:: DATA EXCERPTS ::
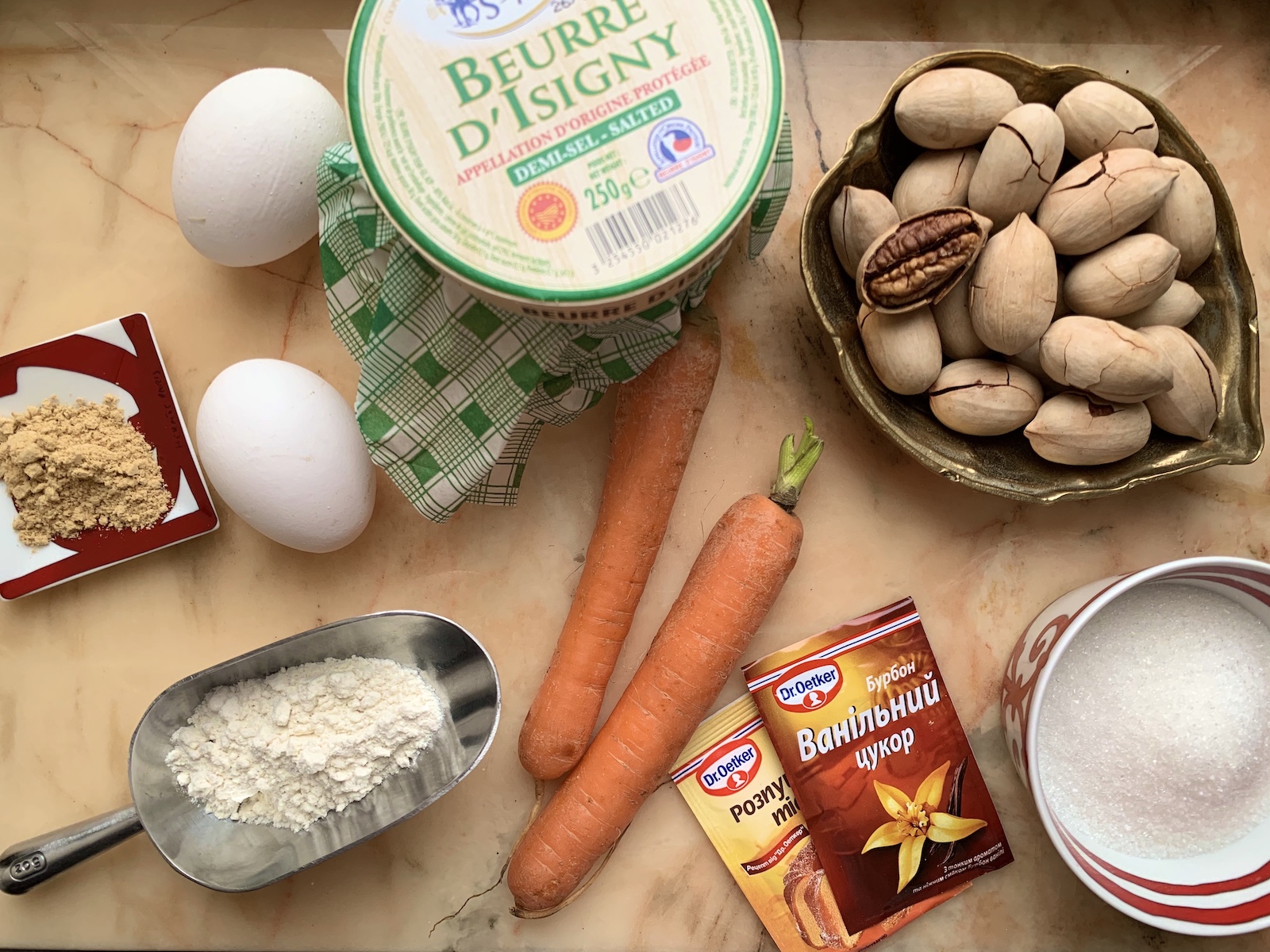 Итак, берем 100 г муки, 70 г орехов пекан (измельчить в муку), 2 яйца, 100 г сахара, 80 г сливочного масла, ½ ч. л. разрыхлителя, 1 ч. л. пудры из имбиря, 1 небольшую морковь.
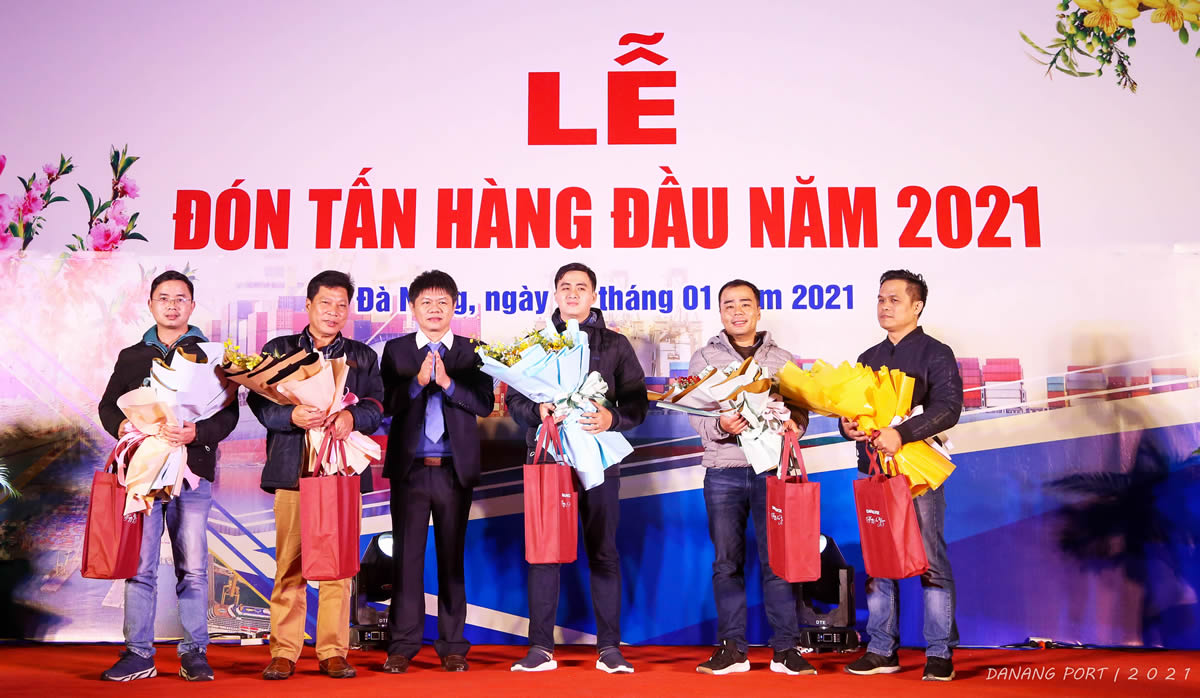 | Đại diện lãnh đạo Cảng Đà Nẵng chúc mừng năm mới, tặng hoa và quà động viên người lao động bốc dỡ tấn hàng đầu tiên của năm mới 2021. |
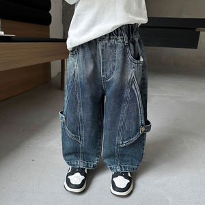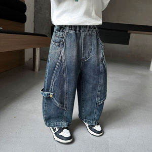 男童春秋季牛仔裤2025新款儿童秋装裤子男孩宝宝宽松休闲直筒裤潮
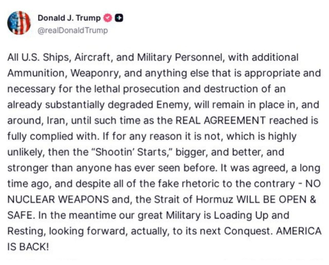Не прошло и суток с момента, как США, Израиль, ОАЭ и даже Украина заявили о победе над Ираном и заключении перемирия, но что-то пошло не по плану, а Трамп снова готов к бою.
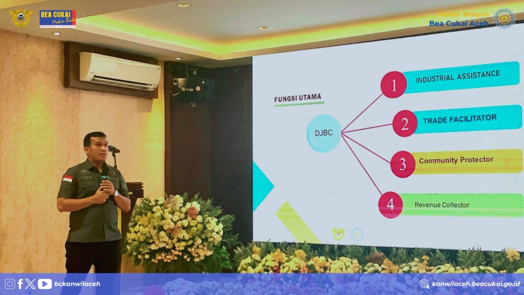 Mewakili Kanwil Bea Cukai Aceh, Kepala Seksi Penindakan II, Bapak Nazuwir, tampil sebagai pemateri.

:: WORK TASK ::
The lines from the top of the data above through the one holding "男童春秋季牛仔裤2025新款儿童秋装裤子男孩宝宝宽松休闲直筒裤潮" are to be repeated exactly, and only those, with no pictures.

:: THE COMPLETED TASK ::
 Итак, берем 100 г муки, 70 г орехов пекан (измельчить в муку), 2 яйца, 100 г сахара, 80 г сливочного масла, ½ ч. л. разрыхлителя, 1 ч. л. пудры из имбиря, 1 небольшую морковь.
 | Đại diện lãnh đạo Cảng Đà Nẵng chúc mừng năm mới, tặng hoa và quà động viên người lao động bốc dỡ tấn hàng đầu tiên của năm mới 2021. |
 男童春秋季牛仔裤2025新款儿童秋装裤子男孩宝宝宽松休闲直筒裤潮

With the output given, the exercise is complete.